* MATERIAL PROVIDED:
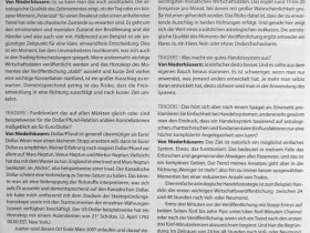 Auf der ersten Edelmetallmesse in München im November 2005 sprach ich mit einem Münzhändler aus Zürich über genau dieses Thema. Er meinte dazu, daß in der Vergangenheit nach 2 bis 2,5 Jahren das Schlimmste immer vorbei war und man für eine 7,4 Gramm Goldmünze, Zitat 'Drei Tage Futter' bekommen würde. Mit 200 Münzen sollte man also durch diese Zeit hindurchkommen. Ich persönlich kann nicht ganz glauben, daß sich die wirtschaftlichen Ungleichgewichte, die sich nunmehr über Jahrzehnte aufgebaut haben, in nur zwei oder drei Jahren ausgelichen haben und abgebaut haben werden. Ich denke, daß eine längere Zeit der Trübsal über die Alte Welt hereinbrechen wird, für die wir uns rüsten sollten. Treffend meinte der Chefvolkswirt der Deutschen Bank, Norbert Walter, dann auch: 'Die Alte Welt wird alt aussehen.' (Ende Passage "Generation Gold")
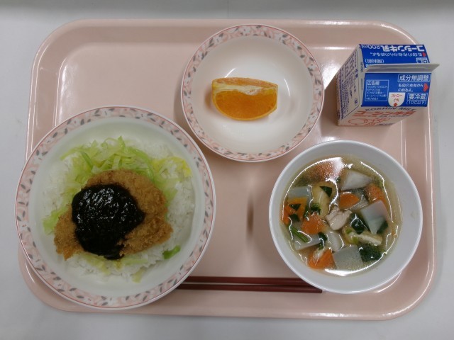 みそかつ丼、のっぺい汁、果物(せとか)、牛乳
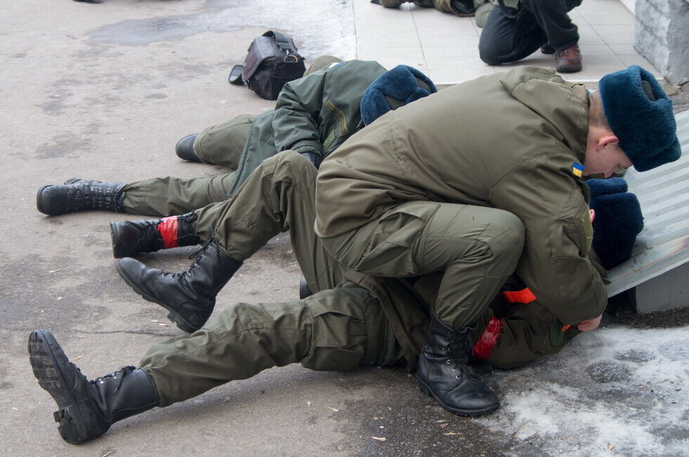 В Харькове в Национальной академии Нацгвардии активисты обучают курсантов навыкам бойца-спасателя. Фоторепортаж
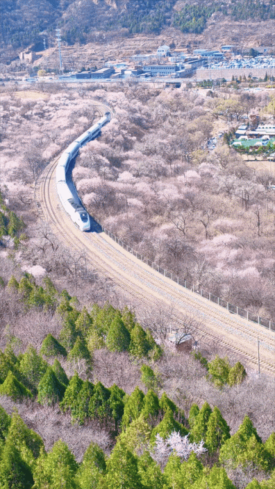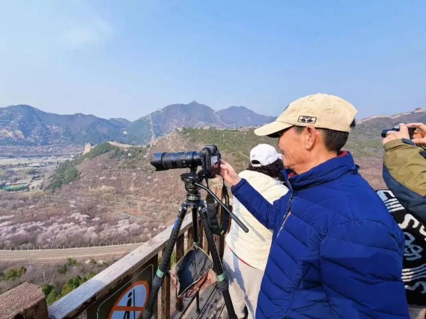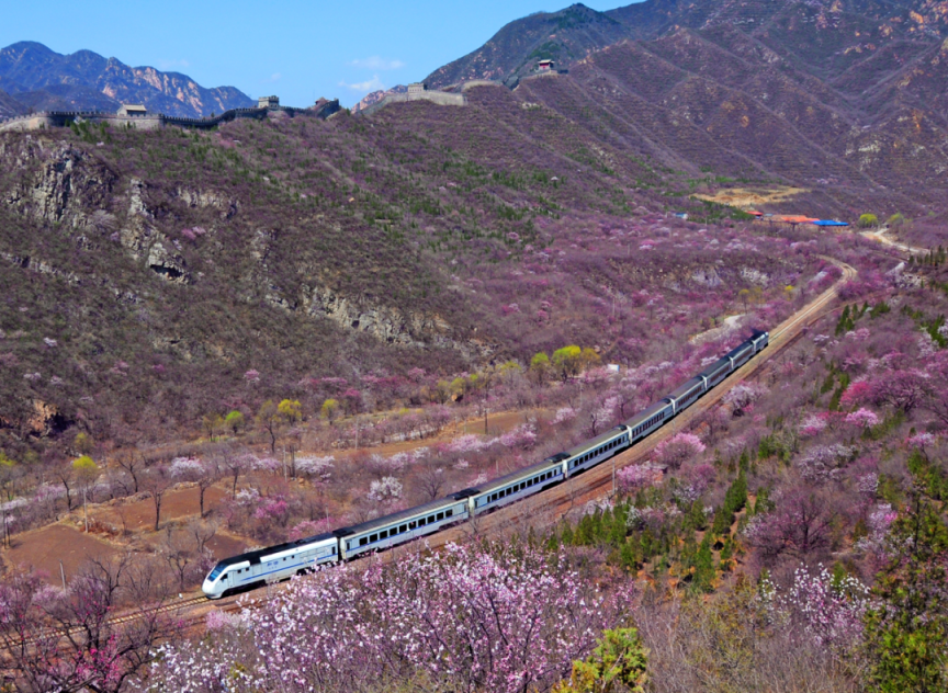散步花海栈道,原木步道平坦舒展,顺着山势慢慢延伸,两边山桃、杏花团团簇簇。抬眼望去,居庸关长城如巨龙占据山脊,与绚丽花海交相辉映,白色郊区列车慢慢驶过,穿行于粉色花廊之间,勾勒出春日限制的诗意画面。
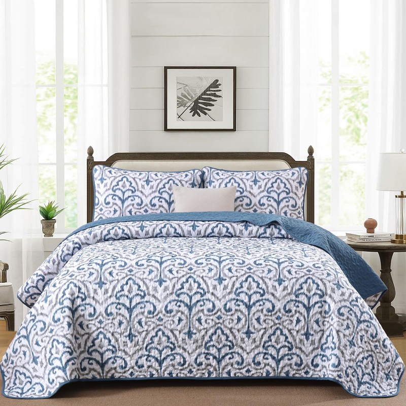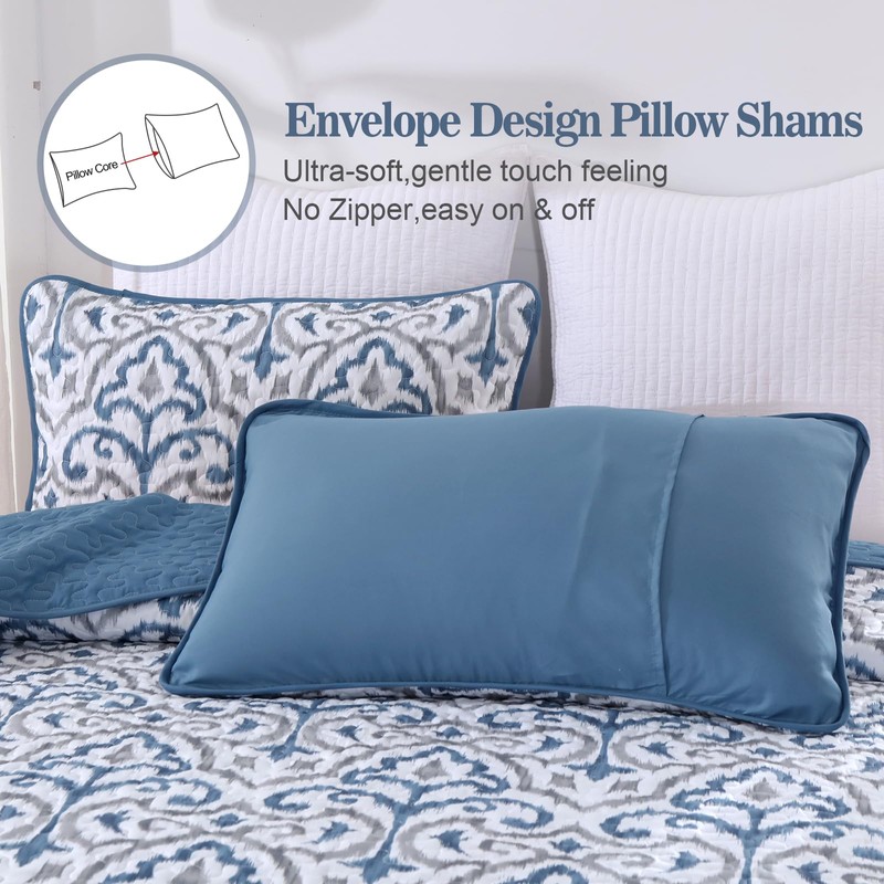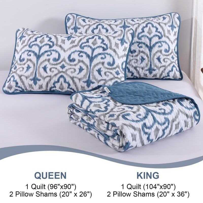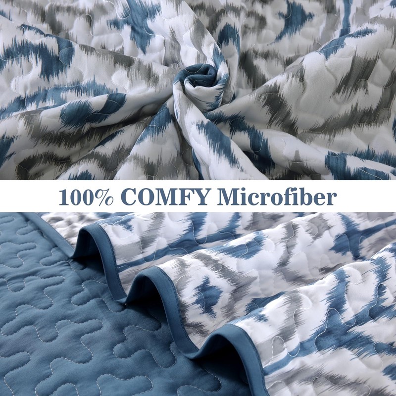 - PERFECT BED QUILT - Presenting a sophisticated and chic look, our boho quilt set features a blue and gray pattern design that complements any home decor.The classic pattern adds a touch of elegance, making it a must-have for your bedroom.

* WHAT IS EXPECTED:
Repeat the material above verbatim, with no pictures in the output.

* FINISHED EXERCISE:
 Auf der ersten Edelmetallmesse in München im November 2005 sprach ich mit einem Münzhändler aus Zürich über genau dieses Thema. Er meinte dazu, daß in der Vergangenheit nach 2 bis 2,5 Jahren das Schlimmste immer vorbei war und man für eine 7,4 Gramm Goldmünze, Zitat 'Drei Tage Futter' bekommen würde. Mit 200 Münzen sollte man also durch diese Zeit hindurchkommen. Ich persönlich kann nicht ganz glauben, daß sich die wirtschaftlichen Ungleichgewichte, die sich nunmehr über Jahrzehnte aufgebaut haben, in nur zwei oder drei Jahren ausgelichen haben und abgebaut haben werden. Ich denke, daß eine längere Zeit der Trübsal über die Alte Welt hereinbrechen wird, für die wir uns rüsten sollten. Treffend meinte der Chefvolkswirt der Deutschen Bank, Norbert Walter, dann auch: 'Die Alte Welt wird alt aussehen.' (Ende Passage "Generation Gold")
 みそかつ丼、のっぺい汁、果物(せとか)、牛乳
 В Харькове в Национальной академии Нацгвардии активисты обучают курсантов навыкам бойца-спасателя. Фоторепортаж
散步花海栈道,原木步道平坦舒展,顺着山势慢慢延伸,两边山桃、杏花团团簇簇。抬眼望去,居庸关长城如巨龙占据山脊,与绚丽花海交相辉映,白色郊区列车慢慢驶过,穿行于粉色花廊之间,勾勒出春日限制的诗意画面。
 - PERFECT BED QUILT - Presenting a sophisticated and chic look, our boho quilt set features a blue and gray pattern design that complements any home decor.The classic pattern adds a touch of elegance, making it a must-have for your bedroom.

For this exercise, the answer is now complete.